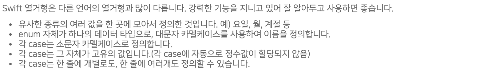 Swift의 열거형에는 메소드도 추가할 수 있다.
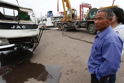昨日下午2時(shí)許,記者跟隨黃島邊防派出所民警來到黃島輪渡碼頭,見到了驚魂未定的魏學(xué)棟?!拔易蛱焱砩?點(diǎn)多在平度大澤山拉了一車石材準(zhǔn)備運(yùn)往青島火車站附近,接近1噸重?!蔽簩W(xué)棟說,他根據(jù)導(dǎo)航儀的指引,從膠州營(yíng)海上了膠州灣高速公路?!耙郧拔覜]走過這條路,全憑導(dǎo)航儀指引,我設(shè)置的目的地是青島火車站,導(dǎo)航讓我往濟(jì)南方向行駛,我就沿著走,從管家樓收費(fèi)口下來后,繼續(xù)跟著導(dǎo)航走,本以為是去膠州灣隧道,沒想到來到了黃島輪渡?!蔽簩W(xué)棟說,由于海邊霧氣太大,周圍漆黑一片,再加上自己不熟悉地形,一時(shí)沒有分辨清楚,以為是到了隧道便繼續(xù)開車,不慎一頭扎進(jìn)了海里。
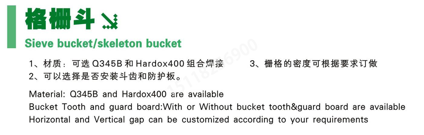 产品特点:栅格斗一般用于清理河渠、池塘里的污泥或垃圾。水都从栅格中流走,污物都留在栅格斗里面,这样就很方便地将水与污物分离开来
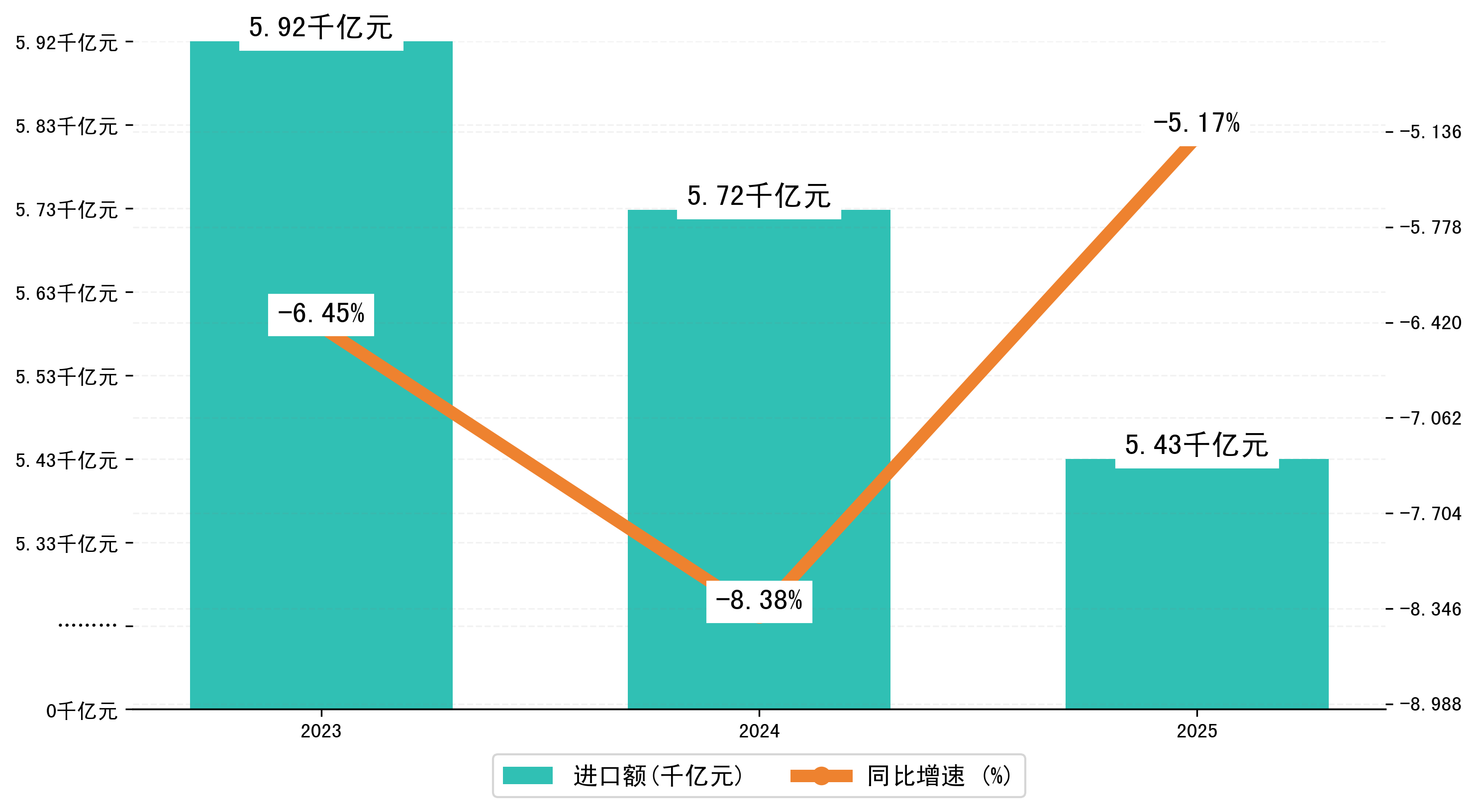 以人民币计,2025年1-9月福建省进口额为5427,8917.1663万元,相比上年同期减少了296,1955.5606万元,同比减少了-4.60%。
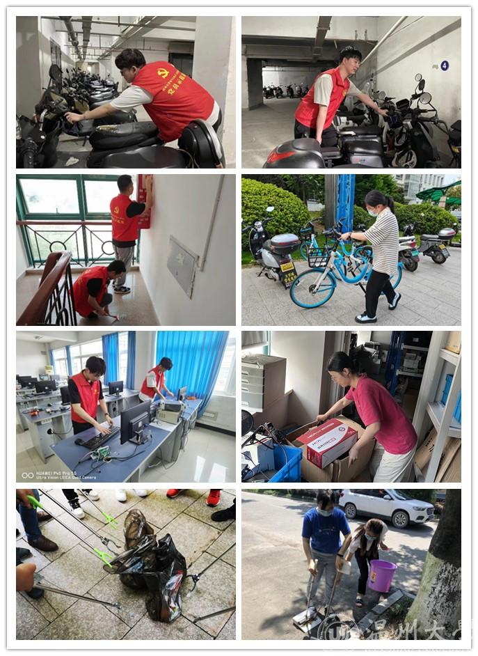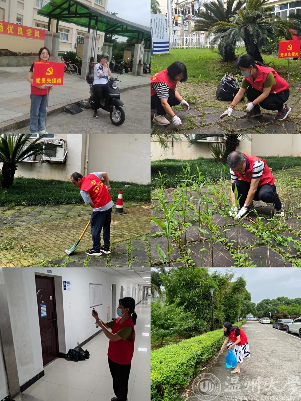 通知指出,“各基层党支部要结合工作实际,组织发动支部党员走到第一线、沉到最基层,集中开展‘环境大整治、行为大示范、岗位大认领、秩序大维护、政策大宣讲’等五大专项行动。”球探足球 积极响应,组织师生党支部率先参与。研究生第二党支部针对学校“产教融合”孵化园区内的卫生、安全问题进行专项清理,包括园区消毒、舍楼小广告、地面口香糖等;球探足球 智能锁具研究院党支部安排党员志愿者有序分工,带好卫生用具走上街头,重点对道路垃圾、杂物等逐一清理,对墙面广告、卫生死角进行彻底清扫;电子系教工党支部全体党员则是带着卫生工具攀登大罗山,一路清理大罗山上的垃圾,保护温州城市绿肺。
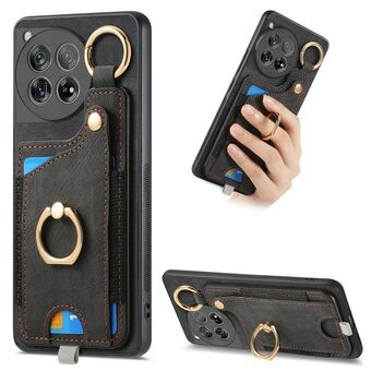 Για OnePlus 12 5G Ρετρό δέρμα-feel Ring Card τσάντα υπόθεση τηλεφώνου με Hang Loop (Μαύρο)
====
Problem → Only the pictures are to be left out; print everything else in the listing exactly.

Result of the exercise →
 Swift의 열거형에는 메소드도 추가할 수 있다.
昨日下午2時(shí)許,記者跟隨黃島邊防派出所民警來到黃島輪渡碼頭,見到了驚魂未定的魏學(xué)棟?!拔易蛱焱砩?點(diǎn)多在平度大澤山拉了一車石材準(zhǔn)備運(yùn)往青島火車站附近,接近1噸重?!蔽簩W(xué)棟說,他根據(jù)導(dǎo)航儀的指引,從膠州營(yíng)海上了膠州灣高速公路?!耙郧拔覜]走過這條路,全憑導(dǎo)航儀指引,我設(shè)置的目的地是青島火車站,導(dǎo)航讓我往濟(jì)南方向行駛,我就沿著走,從管家樓收費(fèi)口下來后,繼續(xù)跟著導(dǎo)航走,本以為是去膠州灣隧道,沒想到來到了黃島輪渡?!蔽簩W(xué)棟說,由于海邊霧氣太大,周圍漆黑一片,再加上自己不熟悉地形,一時(shí)沒有分辨清楚,以為是到了隧道便繼續(xù)開車,不慎一頭扎進(jìn)了海里。
 产品特点:栅格斗一般用于清理河渠、池塘里的污泥或垃圾。水都从栅格中流走,污物都留在栅格斗里面,这样就很方便地将水与污物分离开来
 以人民币计,2025年1-9月福建省进口额为5427,8917.1663万元,相比上年同期减少了296,1955.5606万元,同比减少了-4.60%。
 通知指出,“各基层党支部要结合工作实际,组织发动支部党员走到第一线、沉到最基层,集中开展‘环境大整治、行为大示范、岗位大认领、秩序大维护、政策大宣讲’等五大专项行动。”球探足球 积极响应,组织师生党支部率先参与。研究生第二党支部针对学校“产教融合”孵化园区内的卫生、安全问题进行专项清理,包括园区消毒、舍楼小广告、地面口香糖等;球探足球 智能锁具研究院党支部安排党员志愿者有序分工,带好卫生用具走上街头,重点对道路垃圾、杂物等逐一清理,对墙面广告、卫生死角进行彻底清扫;电子系教工党支部全体党员则是带着卫生工具攀登大罗山,一路清理大罗山上的垃圾,保护温州城市绿肺。
 Για OnePlus 12 5G Ρετρό δέρμα-feel Ring Card τσάντα υπόθεση τηλεφώνου με Hang Loop (Μαύρο)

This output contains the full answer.